Si on se souvient des marches républicaines contre le terrorisme qui avaient réuni dans tout le pays plus de 3,7 millions de personnes, dont 300 000 à Lyon, on se rappelle également que les banlieues avaient été tiraillées entre "Je suis Charlie" et "Pas Charlie" suite à la publication des caricatures de Mahomet en 2006. Un an après ce drame, Mohamed Tria, président du club de football de l’AS Duchère, a accepté de revenir sur ces évènements qui ont marqué d’une façon ou d’une autre les banlieues.
LyonMag: Les attentats de Charlie Hebdo sont-ils toujours des sujets abordés avec vos jeunes sur le terrain ?
Mohamed Tria : On en parle beaucoup par la force des choses ; les évènements de novembre ont malheureusement succédé à ceux de janvier.
Autant Charlie Hebdo avait positionné une relation un peu ambigüe avec les jeunes car nous étions sur des attentats un peu ciblés, autant les attentats de novembre ont clarifié le débat. Tout le monde a compris que ces actes là étaient à la fois commis par des gens remplis de haine et par des salauds. Cela a vraiment clarifié le débat sur ce que peut être Daesh et les actes abominables qu’ils sont capables de faire.
LM : Peut-on parler d’un "après Charlie" ?
MT : Je n’en ai pas le sentiment. J’ai l’impression que les évènements de novembre ont eu une résonnance beaucoup plus importante dans ces quartiers. Ils se sont rendus compte que cela pouvait atteindre n’importe qui. Cela a attaqué clairement nos modes de vie qui étaient les stades de football, les spectacles, boire un verre avec des amis.
LM : Les jeunes ont-ils toujours l’impression d’être stigmatisés ?

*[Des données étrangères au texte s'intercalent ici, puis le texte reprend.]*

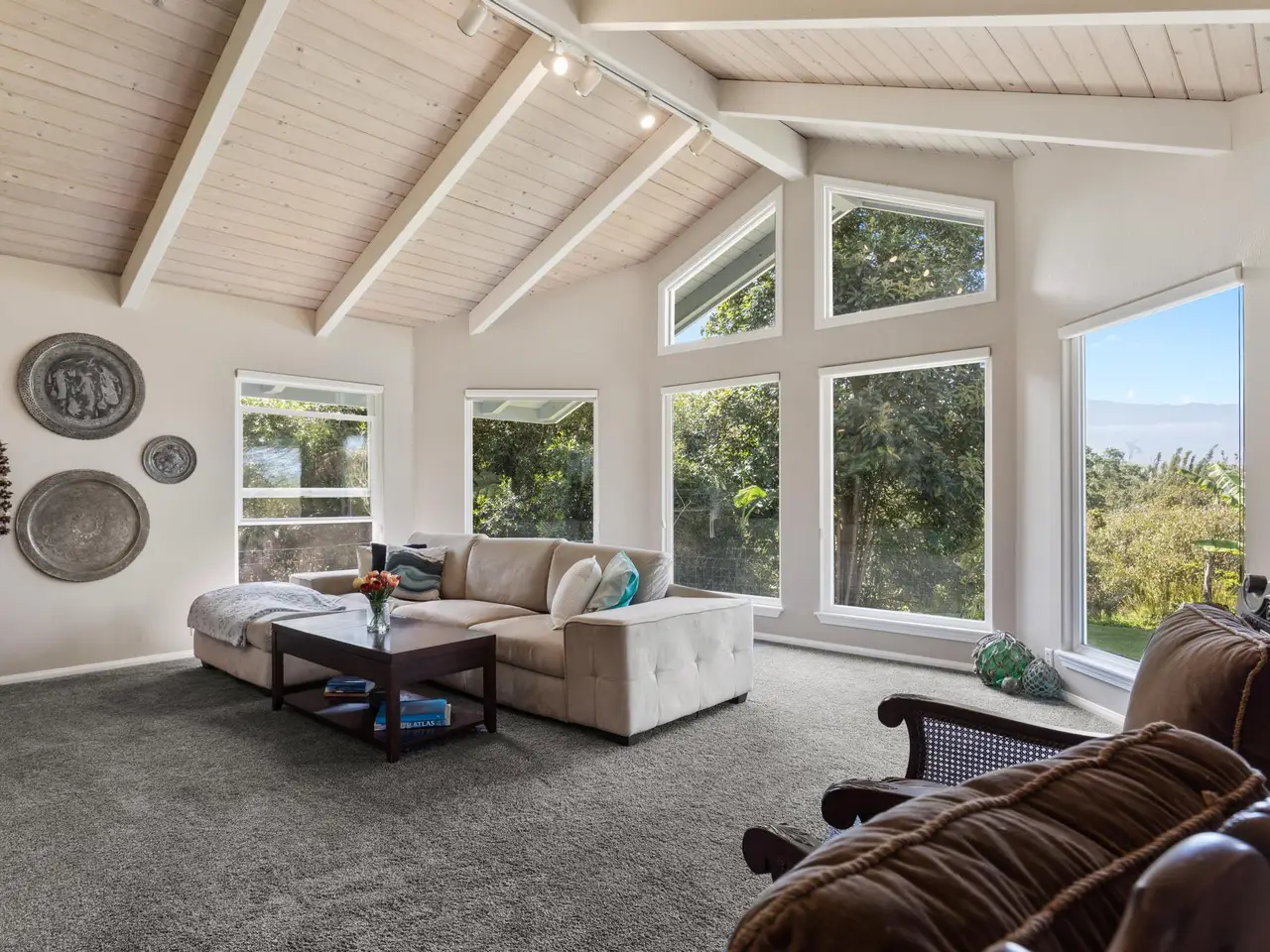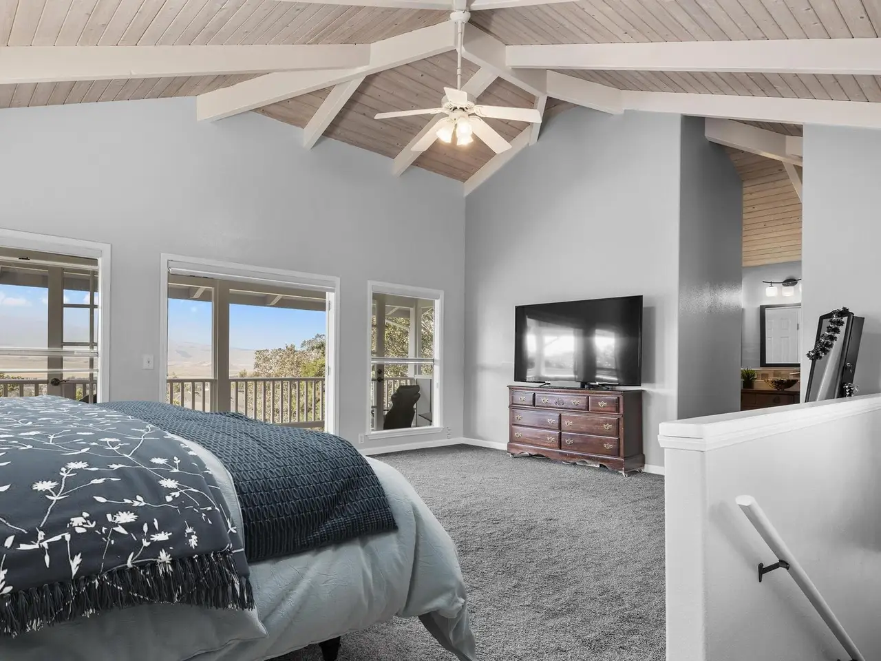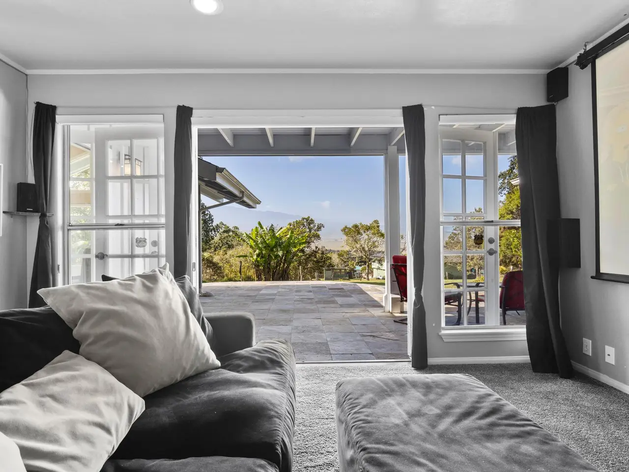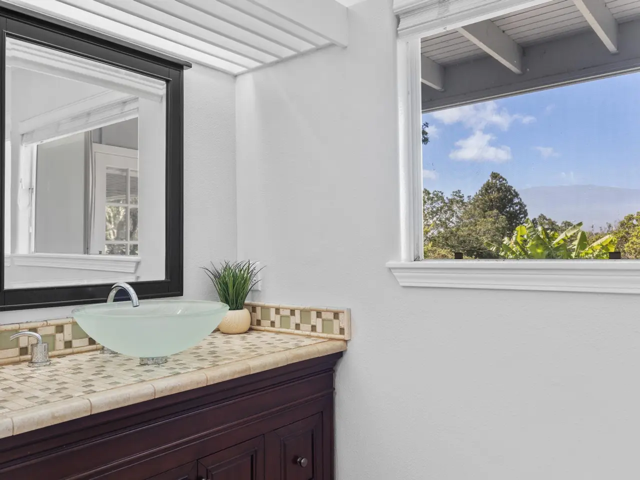 Welcome home to this meticulously maintained and thoughtfully upgraded country estate in Waimea, where cool air and sweeping views of Mauna Kea provide the perfect backdrop for everyday living. Nestled on a peaceful hillside, this spacious home blends luxury, comfort, and natural beauty into one incredible package. Awaken your inner cooking connoisseur with this spectacular kitchen. Complete with an oversized island, a new touchscreen refrigerator, and generous cabinet space. A pass-through to the formal dining room makes for a seamless hosting experience. Enjoy cozy evenings by the wood-burning fireplace, perfectly placed between the dining and living rooms. Soaring windows in the great room flood the home with natural light and offer exceptional views of the landscape. Movie lovers will be wowed by the dedicated home theater room, featuring a 4K projector and 120” screen for the ultimate cinematic experience. Upstairs you’ll find a 640 sf private suite featuring vaulted ceilings, walk-in closet, and a spacious balcony facing Mauna Kea. The ensuite bathroom encompasses glass koi-fish sinks, a walk-in shower, and a tranquil Japanese ofuro soaking tub. The 3 downstairs bedrooms are each unique. One with a private entrance and mountain views, another with his and her closets, and the other with its own ensuite bathroom. Step outside to the covered patio to immerse yourself in a botanical paradise. The property bursts with vibrant foliage and fruit-bearing trees, including citrus, apple-bananas, grapefruit, guava, avocado, dragon fruit, and more. Endless pineapple plants line the home’s perimeter, and blooming favorites like cherry blossoms, roses, gardenias, and anthuriums add intoxicating beauty and fragrance to this one-of-a-kind garden. Whether you're drawn to the tranquility of nature or the charm of country living, this exceptional home offers a rare opportunity to have it all.

MT : Les attentats de novembre ont amené une stigmatisation qui était beaucoup plus forte que celle de janvier. Aujourd’hui les jeunes, je peux parler de ceux de la Duchère que je connais très bien, ont le sentiment que les projecteurs sont braqués sur eux. Quand ils se baladent, ils me racontent des éléments qui sont quand même difficiles à vivre au quotidien. Il faut absolument qu’il n’y ait pas de fractures entre ces deux bords de population parce que sinon les terroristes auront gagné.